Pingback Clinic
123 subscribers
18 photos
6 links
Your uptime and monitoring questions answered. 'Why do I get false downtime alerts?' 'What's a good check interval?' -- ask, and we explain it clearly.
Download Telegram
Q: What does "99.9% uptime" actually allow in downtime?

A: Here's the math you can keep in your head. Per year:
— 99% = about 3.65 days of allowed downtime
— 99.9% ("three nines") = about 8.77 hours
— 99.99% ("four nines") = about 52.6 minutes
— 99.999% ("five nines") = about 5.26 minutes

Every extra nine roughly cuts your allowed downtime by 10x, and your costs go up much faster than that.

The catch most people miss: nines are meaningless without a measurement window. 99.9% per year hides a 9-hour outage. 99.9% per month allows only ~43 minutes. Always pin down whether the SLA is measured monthly or annually before you sign or promise it.

Got a question? Drop it in the comments.
Q: My monitor says 200 OK but the page is actually broken. What gives?

A: A 200 status only means the server answered, not that it answered correctly. Apps love to return 200 on an error page, a maintenance screen, or a blank shell where the database call quietly failed.

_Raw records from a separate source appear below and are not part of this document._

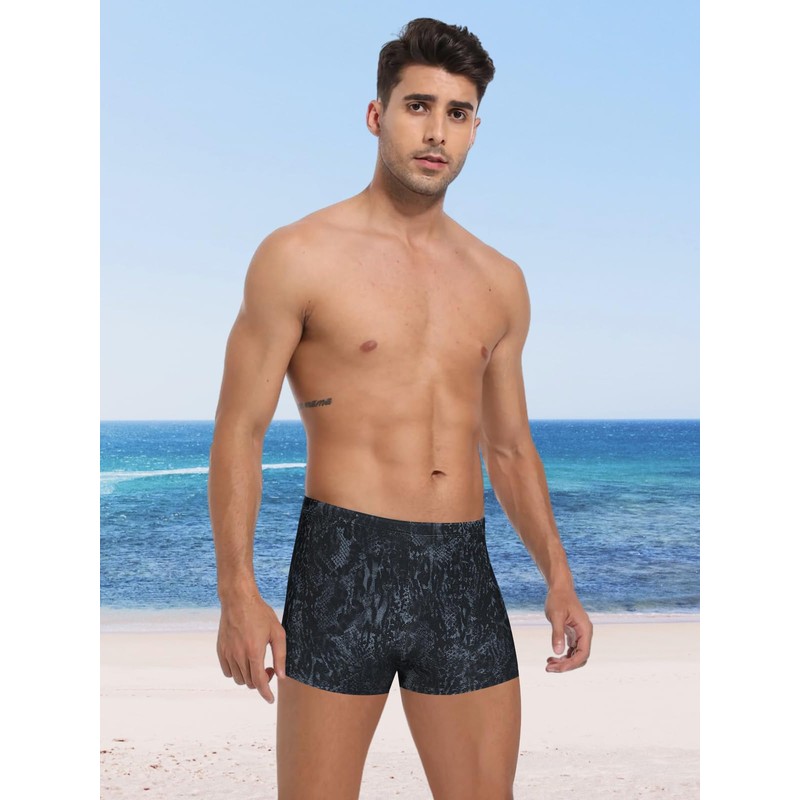 - 【High Chlorine Resistant】The mens square leg swimsuit are made of 4-Level chlorine resistant fabric that added longevity, more endurance and worth to prevent chaffing and fadding, holding up great in the chlorinated pool. More durable, keep shape and color retention after many times wearing.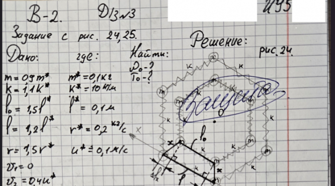 Для механических систем (МС), расположенных на горизонтальной плоскости и пред- ставленных на рис. 22 – 25, определить круговую частоту и период собственных незатухающих колебаний. Значения масс шариков, жёсткость соединяющих их пружин, а также другие исх.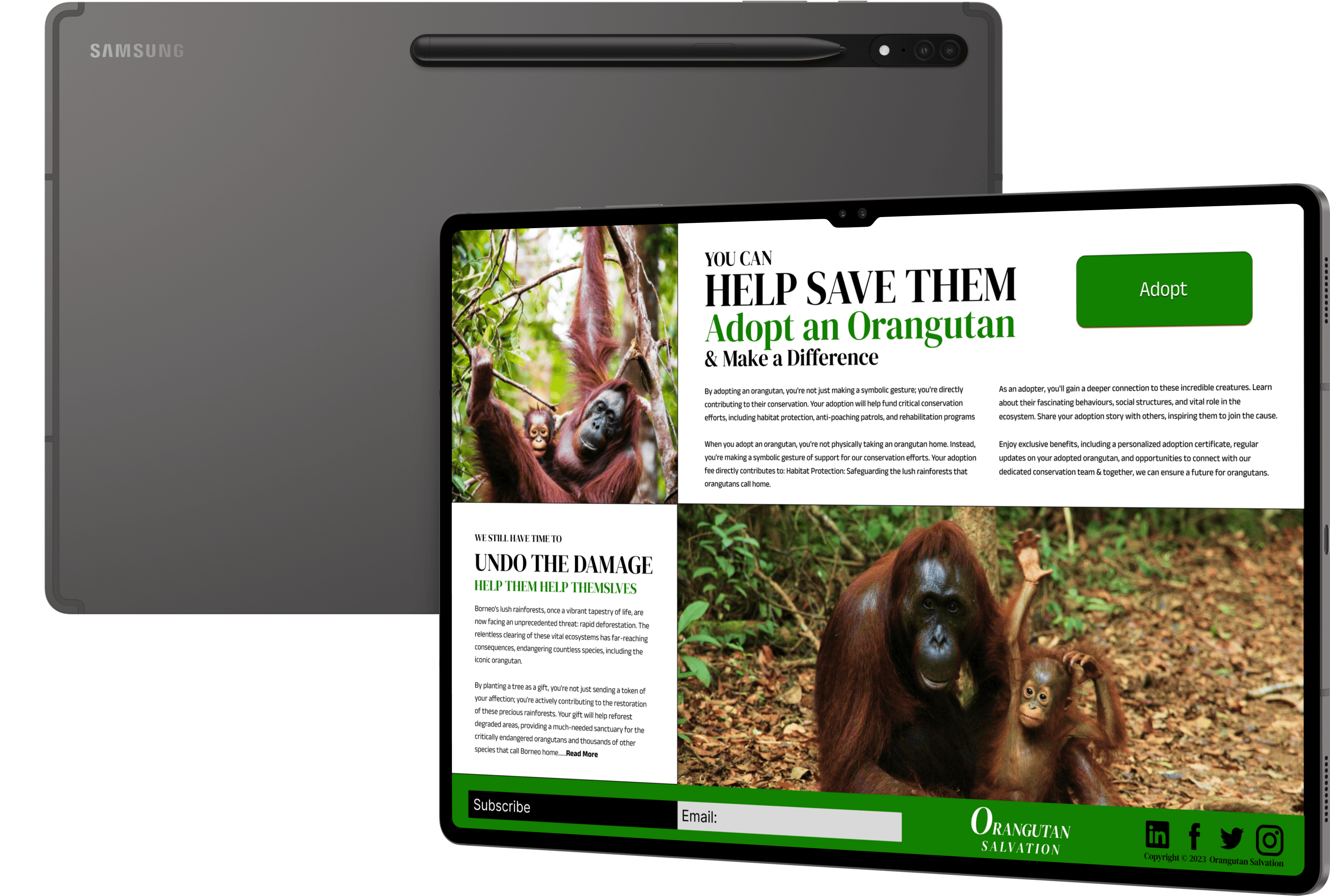 By engaging users on an emotional level, the aim is to motivate the user to support the mission and become active advocates for Orangutan Salvation.
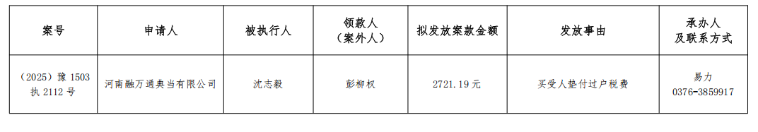 为严格执行案款发放,规范执行案款发放程序,确保案款发放安全,落实人民法院向案外人发放案款公示要求,根据《最高人民法院关于执行款物管理工作的规定》的规定,现对以下执行案款发放事宜予以公示,公示期为三日。公示期间,案件当事人或其他利害关系人对案款发放有异议的,可在公示期内向本院提出并提交相关证据材料佐证,由本院审查处理。公示期满无异议,将按执行案款管理相关规定办理发放手续。监督电话:0376-6362283。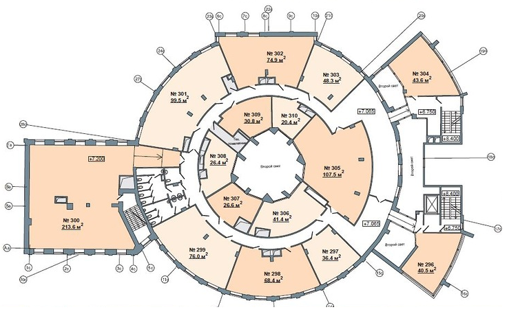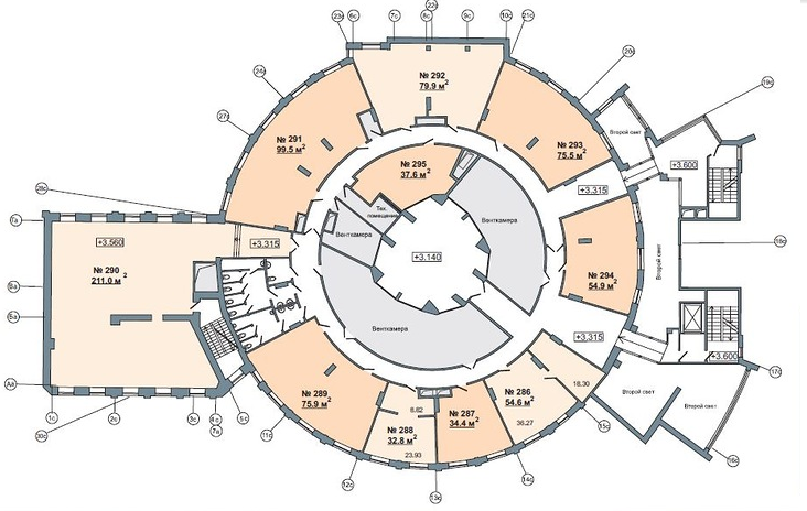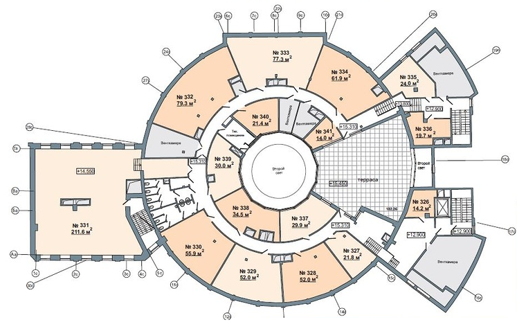 Со второго по пятый этаж здания занимают офисные помещения общей площадью 2,4 тыс. кв. м.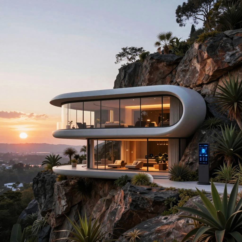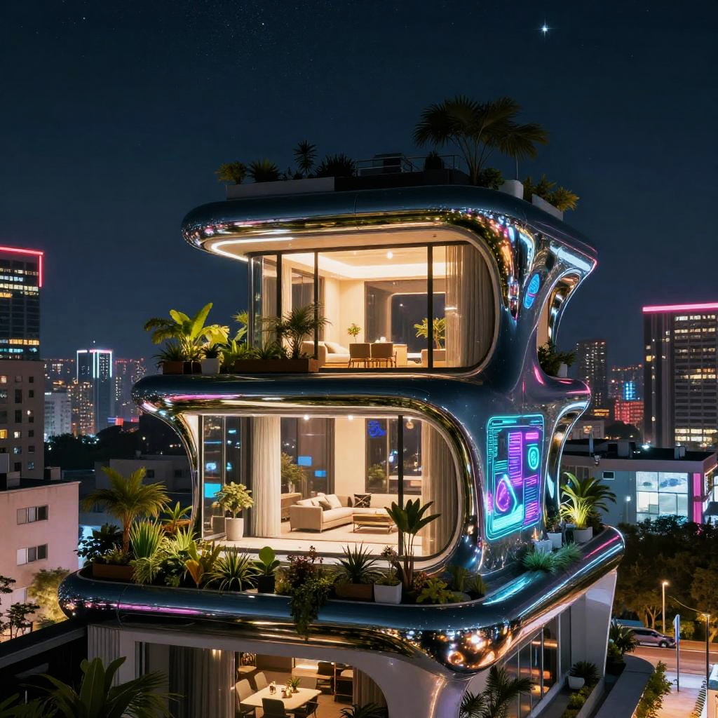 Aerodynamic futuristic home with smooth curves and metallic surfaces, floating above a lush green landscape, illuminated by soft neon lights under a twilight sky.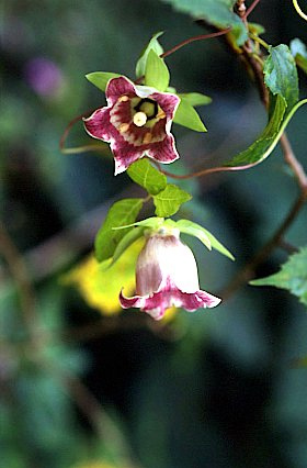 つる性の多年草で他の草に絡み付き成長します。花の色や内面に紫色の斑点があり年寄りに似ていることからこの名。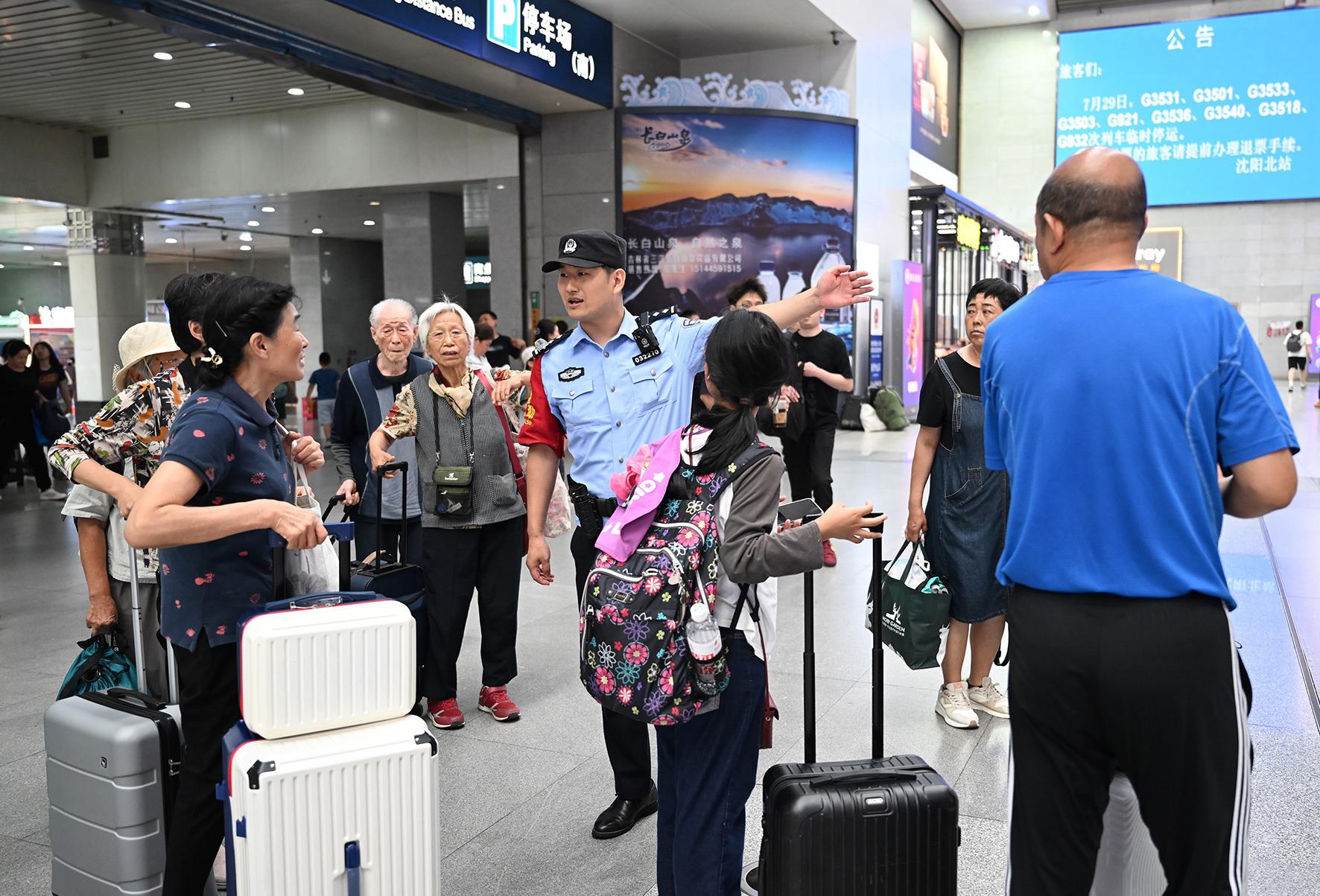 7月29日,沈陽鐵路公安處沈陽北站派出所針對暑運期間學生流、家庭游旅客流激增的情況,增派警力在候車室開展安全提醒服務。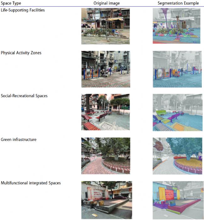 研究以武漢市武昌區(qū)9個(gè)單位社區(qū)為樣本(表1),基于馬斯洛需求理論將公共空間分為五類功能類型(如生活支持設(shè)施、體育區(qū)等)(表2),并標(biāo)記高/中/低三級清潔度。技術(shù)路徑借鑒了前人研究,空間分類通過SAM2模型實(shí)現(xiàn)圖像分割,清潔度評價(jià)經(jīng)專家雙盲評分驗(yàn)證(Kappa=0.442)。實(shí)驗(yàn)刺激材料包含30張圖片(2 張 / 功能類型 ×5 類 ×3 清潔度),且無重復(fù)地呈現(xiàn)。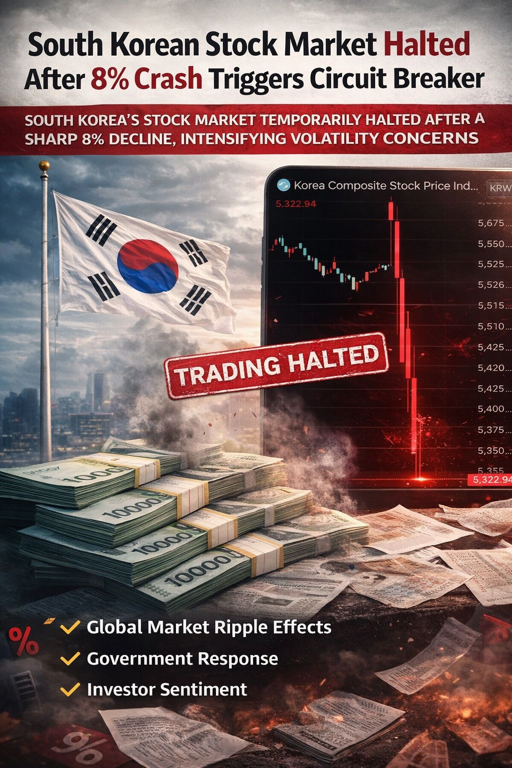 South Korea’s stock market was temporarily halted after a sharp 8% decline triggered an automatic circuit breaker, intensifying concerns about market volatility and investor sentiment.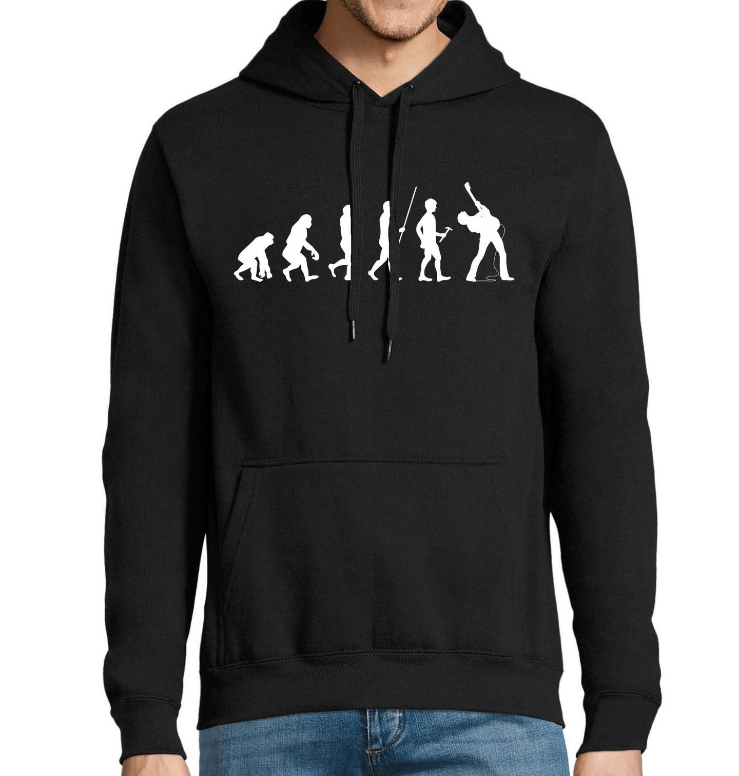 Pánská mikina Evoluce Kytaristy. Motiv spojuje humor, nadsázku a lásku k hudbě. Evoluce zde vrcholí postavou kytaristy, který představuje svobodu, kreativitu a odhodlání jít vlastní cestou. Rock and roll není jen hudební styl, ale životní filozofie, která inspiruje generace muzikantů i fanoušků. Ideální volba pro každého, kdo miluje rock and roll, hraje na kytaru nebo chce originálně vyjádřit svou hudební identitu.

Upgrade from a status-code check to a content check. Tell your monitor to look for a specific string that only appears when the page truly works, like a product price, a logged-in element, or a footer copyright line. If that keyword is missing, treat it as down even with a 200.

Better still, also flag if a known error phrase appears, like "Exception" or "Service Unavailable."

Natural follow-up: pick a keyword that's stable across deploys, so a harmless copy change doesn't trigger a false outage.

Got a question? Drop it in the comments.
Q: How do I stop monitors from paging during planned maintenance?

A: Use a scheduled maintenance window (most monitors call it exactly that) to suppress alerts for the affected checks during a set time. It mutes paging but, importantly, keeps recording state so your timeline stays accurate.

Two things that separate a clean setup from a messy one:
— Suppress alerts, don't pause the monitor entirely. A paused monitor records no data, so a real outage that overruns your window goes completely unseen.
— Exclude maintenance windows from your SLA/uptime calculation, so planned work doesn't unfairly dent your numbers.

Likely follow-up: set the window slightly wider than your planned work, maybe 15 minutes of buffer on each side, since deploys always run long. And remember to update your status page so customers aren't surprised.

Got a question? Drop it in the comments.
Q: My site is "down" but the server is clearly running. Where do I even look?

A: When the box is healthy but checks fail, the problem is almost always between the user and your server, not the server itself. Walk the path in order:

— DNS: is the domain resolving? An expired domain or a botched DNS change takes you down while the server hums along happily.
— TLS: did the certificate expire or fail to deploy? Browsers refuse the connection before any page loads.
— CDN/proxy: Cloudflare or your load balancer can return a 5xx while origin is fine.
— Then origin last.

This is why a good monitor reports the failure stage, not just "down." Knowing it failed at DNS resolution versus connection versus content tells you which team to wake. Configure your checks to log that detail, and outages get a lot less mysterious.

Got a question? Drop it in the comments.
Q: How do I monitor a cron job or backup that has no URL to ping?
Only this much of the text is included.